Friday, October 7, 2016

Michigan Court Enforces Written Withdrawal From LLC


Michigan Court Enforces Written Withdrawal From LLC

      A recent decision from Michigan reviewed and in turn rejected the efforts by a former member of an LLC who, after resigning therefrom, made claims including for reinstatement as a member.  The Michigan Court of Appeals upheld the application of the written resignation documents.  Clark v. Butoku Karate School, LLC, Docket No. 326638, 2016 WL 4419321 (Mich. Ct. App.

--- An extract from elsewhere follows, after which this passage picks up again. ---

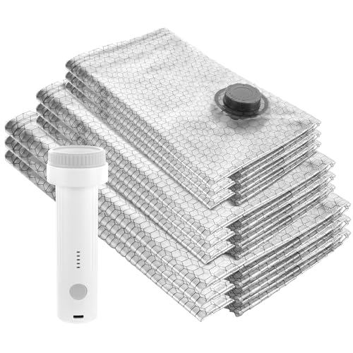 Vacuum Seal Bags for Travel with Rechargeable Pump, 12 Pack Carry on Compression Packing Bags for Luggage, Backpack and Suitcase, Space Saver Storage Organizer for Clothing Clothes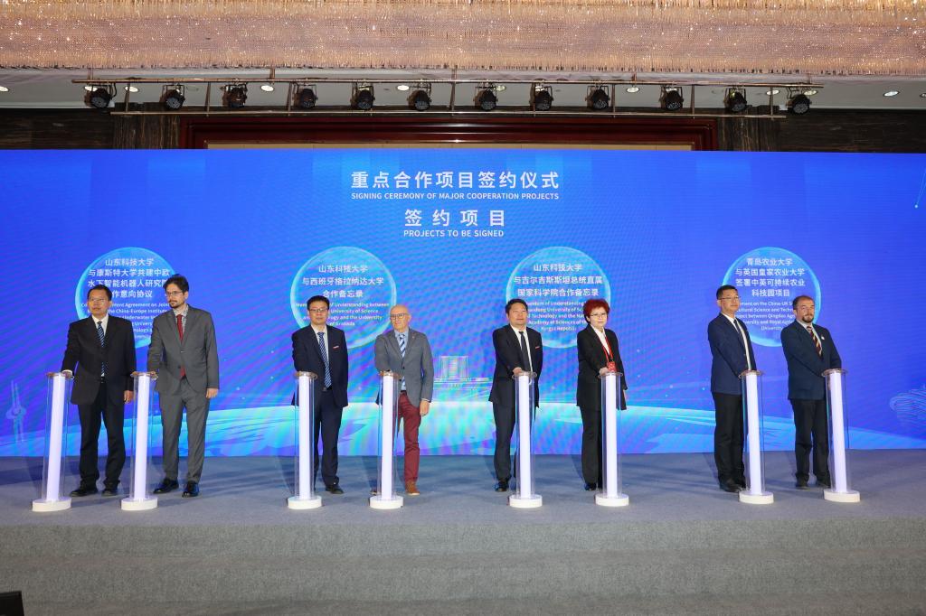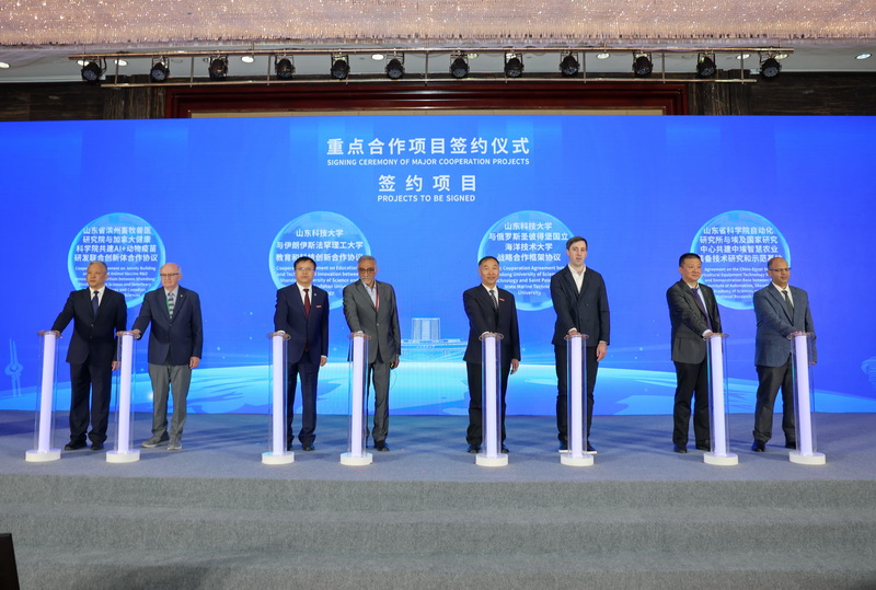 开幕式上,涵盖高端装备、现代海洋、智慧农业、AI+动物疫苗等前沿领域的8项国际合作协议顺利签署。九州在线、山东省滨州畜牧兽医研究院、山东省科学院自动化研究所等高校及科研院所与伊朗伊斯法罕理工大学、俄罗斯圣彼得堡国立海洋技术大学、加拿大健康科学院、埃及国家研究中心农业与生物研究所、西班牙格拉纳达大学、吉尔吉斯斯坦总统直属国家科学院、德国康斯特大学海洋实验室、英国皇家农业大学先后签署人才培养、科技合作协议。

Aug. 18, 2016).
      Joby Clark and John Wasilina were the two equal members of Butoku Karate School, LLC, a Michigan limited liability company.  The company was formed in 2002 to operate a karate studio.  In June, 2010 and thereafter, Wasilina learned of a rumor that Clark was engaged in a sexual relationship with an underage student of the LLC.  While Clark denied the rumors, he and Clark did agree that “even if meritless, [the rumors] would likely destroy the school because most of the students were children and parents were likely to withdraw their children.”  In light thereof, Wasilina caused there to be drafted agreements providing, inter alia, that Clark was withdrawing from the LLC and had no further claim on its assets. Those agreements were signed and delivered by Clark.  In connection therewith, Clark and Wasilina withdrew nearly all of the company’s operating funds and evenly split them.  Ultimately Wasilina would be twice charged with criminal conduct involving the underage student.  Both trials ended in a mistrial.  Clark thereafter entered a plea of no contest to a lesser charge.
      At some point thereafter, Clark initiated this suit against the LLC and Wasilina, alleging all of fraud, a failure to distribute and conversion of personal property.  With respect to the allegation of fraud, Clark:
[A]lleged that defendants had defrauded plaintiff because Wasilina had induced plaintiff to sign the documents by misleading plaintiff into believing he would later be reinstated in the company, and also by promising to pay plaintiff for his membership interest.
The trial court granted summary judgment to the defendants, and this appeal followed
     With respect to the failure to distribute, the Court of Appeals first considered whether the operating agreement served to override the statutory default rule that would otherwise provide for the distribution to withdrawn member of the fair value of their membership interest.  MCL § 450.4305.  The court found that the written operating agreement did address the question of rights to a distribution upon withdrawal, and therefor controlled over the LLC Act. Further, the agreements signed by Clark and Wasilina in connection with Clark’s withdrawal from the company provided in part:
The Company accepts immediate withdrawal and resignation of Member Joby Clark from any and all aspects [of] the company … Joby Clark’s interest in the company is extinguished in its entirety without a substitute or financial compensation. ….  nor does the Company owe any monies, duties, rights, responsibilities, privileges, accountings, or any other items or tangible means of remuneration in any way to the resigning Member, Joby Clark. (Bracketed language and italics added by the court).
      With respect to the effect of this release, the court found that it constituted an amendment to the operating agreement.  As such, Clark had no claim against the LLC for a liquidating distribution.
      With respect to the allegation of fraud, and again reviewing the language of the release agreement indicating that Clark had no further claim against the LLC, the court stated that “It is difficult to imagine language more definite in ending a business relationship.”  Applying as well general contract rules as to the effect of an agreement, the court observed:
Rather, plaintiff admits that he understood the actions that the documents authorize, but chose to believe that the opposite result would occur.  If, as plaintiff suggests, an oral statement was made contrary to the explicit language of the documents that he signed, plaintiff’s reliance was not reasonable.
     With respect to the claim of conversion, its dismissal was upheld on the grounds that the plaintiff had not indicated what actions the defendants had taken to deprive the plaintiff of his property.  In addition, the consent to withdraw provided that he had already removed all of his personal property from the company’s location, and anything that was left behind was to become company property. As the company now had a right to possession to the property left behind, there could be no claim for conversion.